ENTRIES SHOWN —
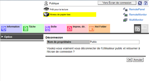 Message [Voulez-vous vraiment vous déconnecter de l'Utilisateur public et retourner à l'écran de connexion ?] s'affiche. Cliquez sur [OK].
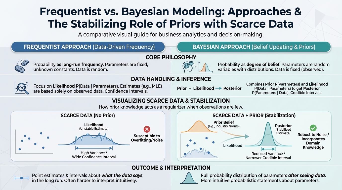 In frequentist statistics (the standard kind), you let the data speak entirely for itself. That sounds great until you have a small dataset or noisy signals. If you only have two years of weekly data, a standard regression model might tell you that spending $0 on Facebook is optimal because of one bad month.
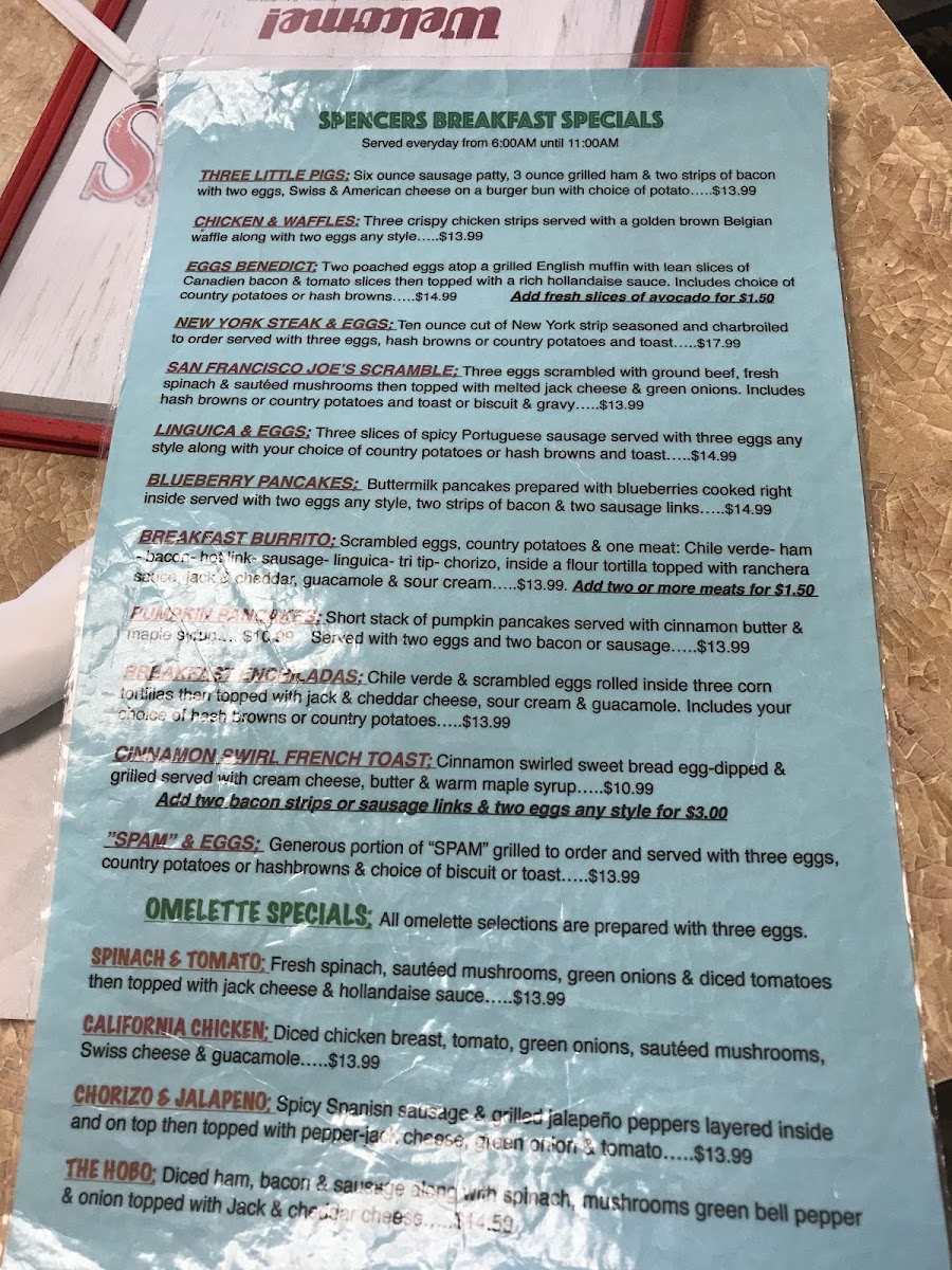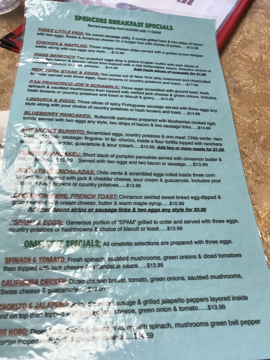 For those adventurous eaters, dive into some of Spencer's Specialties. Their hearty Lumberjack Biscuit Breakfast, as well as the Three Little Pigs and San Francisco Joe's Scramble, offer delightful surprises that invigorate the traditional breakfast concept. Each dish bursts with flavor and is served in generous portions, ensuring an enjoyable meal every time.
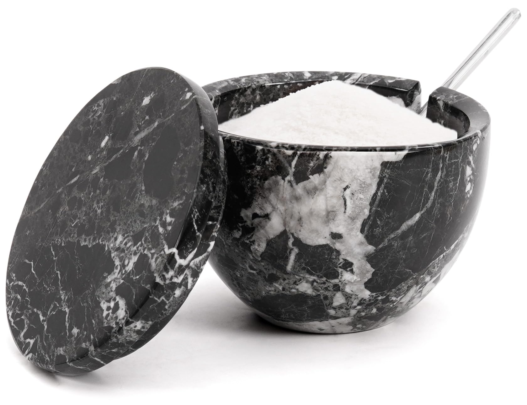 MARBLOUS KRAFTS Marble Salt Cellar with Lid and Spoon Black Zebra 3 x 4 Spice Container for Kitchen Countertop, 4.7 oz, Perfect for Sugar Candy Bowl|Kitchen & Dining
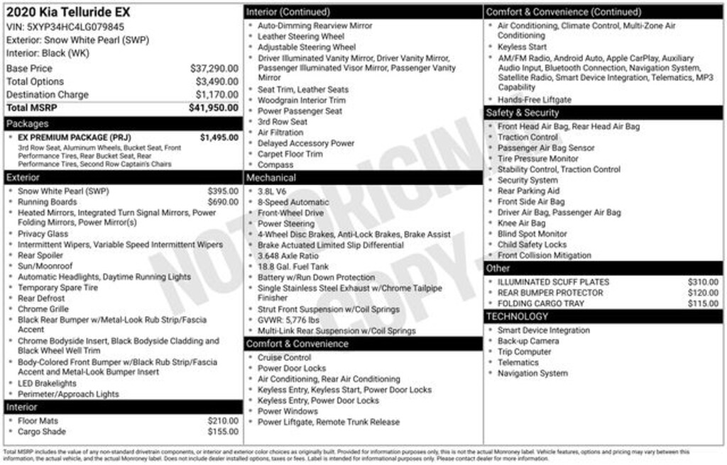 Experience the exceptional value of this 2020 Kia Telluride EX. With its impressive list of features, exceptional performance, and Certified Pre-Owned status, this SUV is the perfect blend of style, comfort, and capability. Visit our showroom today and let us demonstrate why the Telluride should be your next vehicle.

YOUR GOAL — Print the listing above in full, exactly as written. Omit any pictures.

RESULT OF THE EXERCISE —
 Message [Voulez-vous vraiment vous déconnecter de l'Utilisateur public et retourner à l'écran de connexion ?] s'affiche. Cliquez sur [OK].
 In frequentist statistics (the standard kind), you let the data speak entirely for itself. That sounds great until you have a small dataset or noisy signals. If you only have two years of weekly data, a standard regression model might tell you that spending $0 on Facebook is optimal because of one bad month.
 For those adventurous eaters, dive into some of Spencer's Specialties. Their hearty Lumberjack Biscuit Breakfast, as well as the Three Little Pigs and San Francisco Joe's Scramble, offer delightful surprises that invigorate the traditional breakfast concept. Each dish bursts with flavor and is served in generous portions, ensuring an enjoyable meal every time.
 MARBLOUS KRAFTS Marble Salt Cellar with Lid and Spoon Black Zebra 3 x 4 Spice Container for Kitchen Countertop, 4.7 oz, Perfect for Sugar Candy Bowl|Kitchen & Dining
 Experience the exceptional value of this 2020 Kia Telluride EX. With its impressive list of features, exceptional performance, and Certified Pre-Owned status, this SUV is the perfect blend of style, comfort, and capability. Visit our showroom today and let us demonstrate why the Telluride should be your next vehicle.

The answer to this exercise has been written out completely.